“Solid” tumors that have not metastasized significantly respond well to local treatment. Such tumors can either be removed surgically or destroyed using radiation, and local procedures may also be combined with chemotherapy. This approach is particularly effective for eliminating microscopic metastases in addition to the solid tumor.
Radiotherapy involves treatment with ionizing radiation. This includes any form of electromagnetic radiation and treatment with decaying radioactive substances. Accelerated particles with sufficient energy to shift the electrical charge in the atoms of the cell (which “ionizes” the cell) are also used. All radiotherapy-based cancer treatments fall into this category.

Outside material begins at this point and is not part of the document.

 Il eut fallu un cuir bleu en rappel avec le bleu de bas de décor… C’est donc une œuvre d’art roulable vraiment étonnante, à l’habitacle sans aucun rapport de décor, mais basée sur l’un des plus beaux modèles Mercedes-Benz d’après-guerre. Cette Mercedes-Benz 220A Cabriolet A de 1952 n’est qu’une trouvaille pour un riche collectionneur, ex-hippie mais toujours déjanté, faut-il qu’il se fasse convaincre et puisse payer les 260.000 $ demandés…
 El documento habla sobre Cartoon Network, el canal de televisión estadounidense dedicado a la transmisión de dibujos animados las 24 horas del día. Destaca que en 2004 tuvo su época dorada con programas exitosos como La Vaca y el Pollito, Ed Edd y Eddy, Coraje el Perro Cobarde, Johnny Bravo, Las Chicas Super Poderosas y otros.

There are two types of radiotherapy: brachytherapy (short-range therapy) and teletherapy (treatment through the skin).
- Brachytherapy involves the use of radioactive materials (isotopes) which generate radiation with an effective range ranging from a few millimeters to a few centimeters. These isotopes are generally implanted in the body or in the diseased organ, where they irradiate the tumor at close range for a specified period of time. Some radiotherapists use radioactive needles to treat prostate cancer. The treatment’s success hinges on the accuracy with which the needles are placed in the prostate (a relatively mobile body part ). A more elegant example is the use of radioactive iodine to irradiate thyroid tumors. Brachytherapy is restricted to specific sites and conditions, so it accounts for less than ten percent of all radiotherapy treatment.
- Teletherapy usually employs x-rays, although proton radiation also falls in this category. The basic principle of teletherapy involves targeting the tumor with radiation aimed through the skin and healthy tissue.

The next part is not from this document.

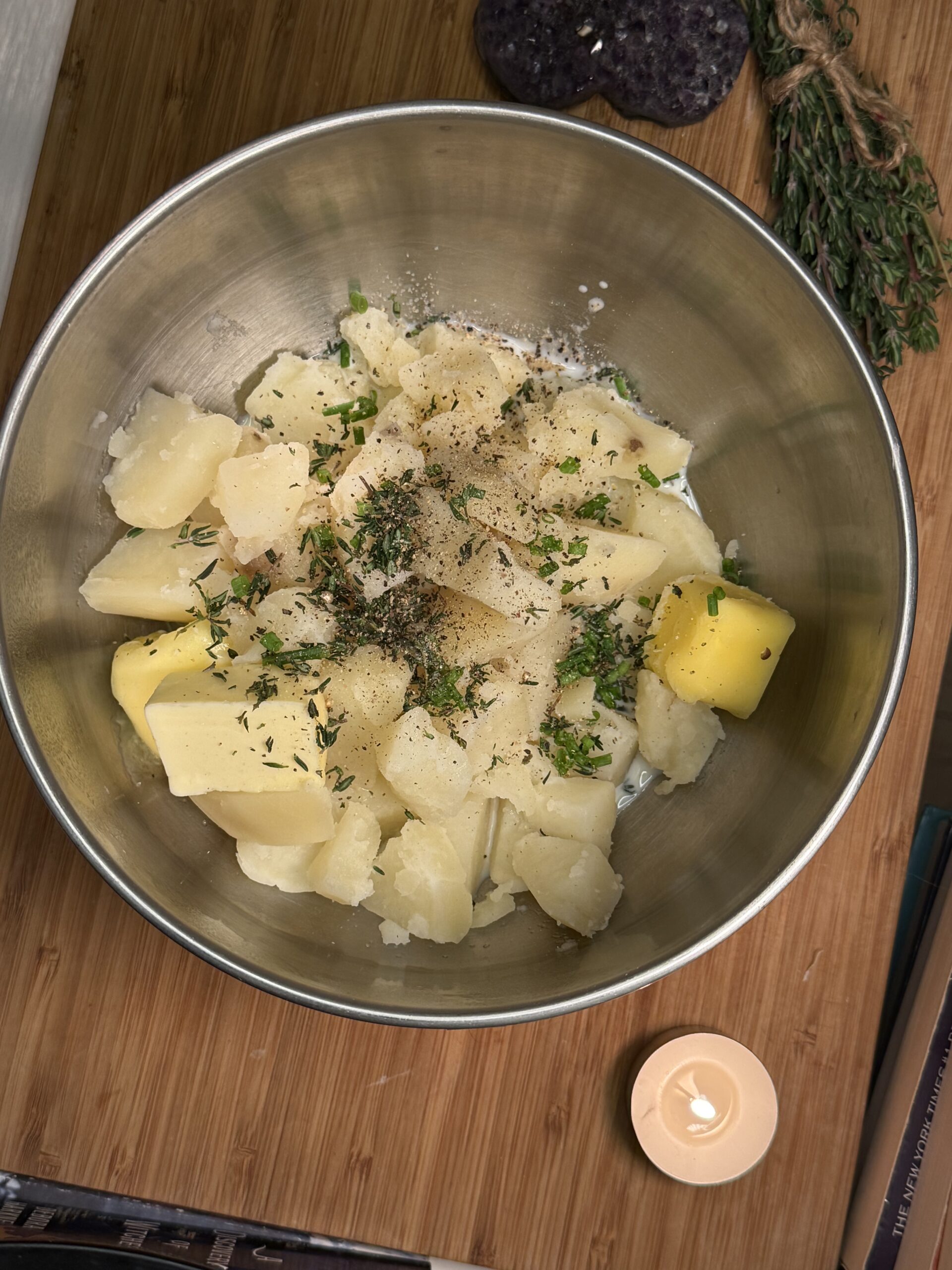 - Drain and mash with butter, milk/cream, and chopped herbs.
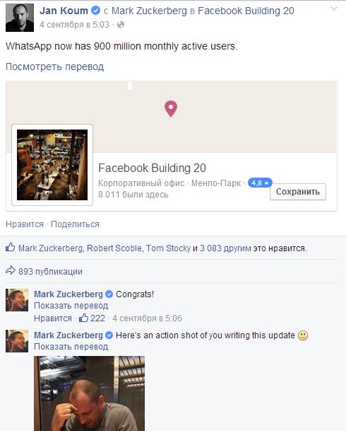Facebook купил WhatsApp в феврале 2014 года за 19 млрд долларов. Ранее глава Facebook Марк Цукерберг говорил, что он не стремится делать бизнес из WhatsApp, поскольку у мессенджера нет миллиардной аудитории. Однако сервис может преодолеть эту планку уже к концу 2015-го, прогнозирует Alcarez Equity Research. Первую попытку монетизации приложения соцсеть предприняла в мае, когда решила запустить B2C-рассылки.

All ionizing radiation has one important characteristic in common: it is not tumor-specific. The radiation also attacks healthy tissue–some areas and types more than others–but basically equally throughout. The variability in radiation’s effects is due in part to the greater sensitivity of the rapidly dividing cancer cells. The “reparability” of cells also varies for different tissues.
The non-specific action of radiotherapy, however, is a major advantage. It doesn’t give the cancer cells an opportunity to mutate and develop resistance. The genetic material of the cell is irreversibly destroyed in all the cells which are irradiated; thus, this treatment can only be used locally and selectively. Efficacy increases with more accurate targeting, as does the patient’s ability to tolerate the treatment well. Patients benefit from precise targeting of the tumor, because fewer healthy cells are destroyed. The more accurate the targeting, the better it is for the patient.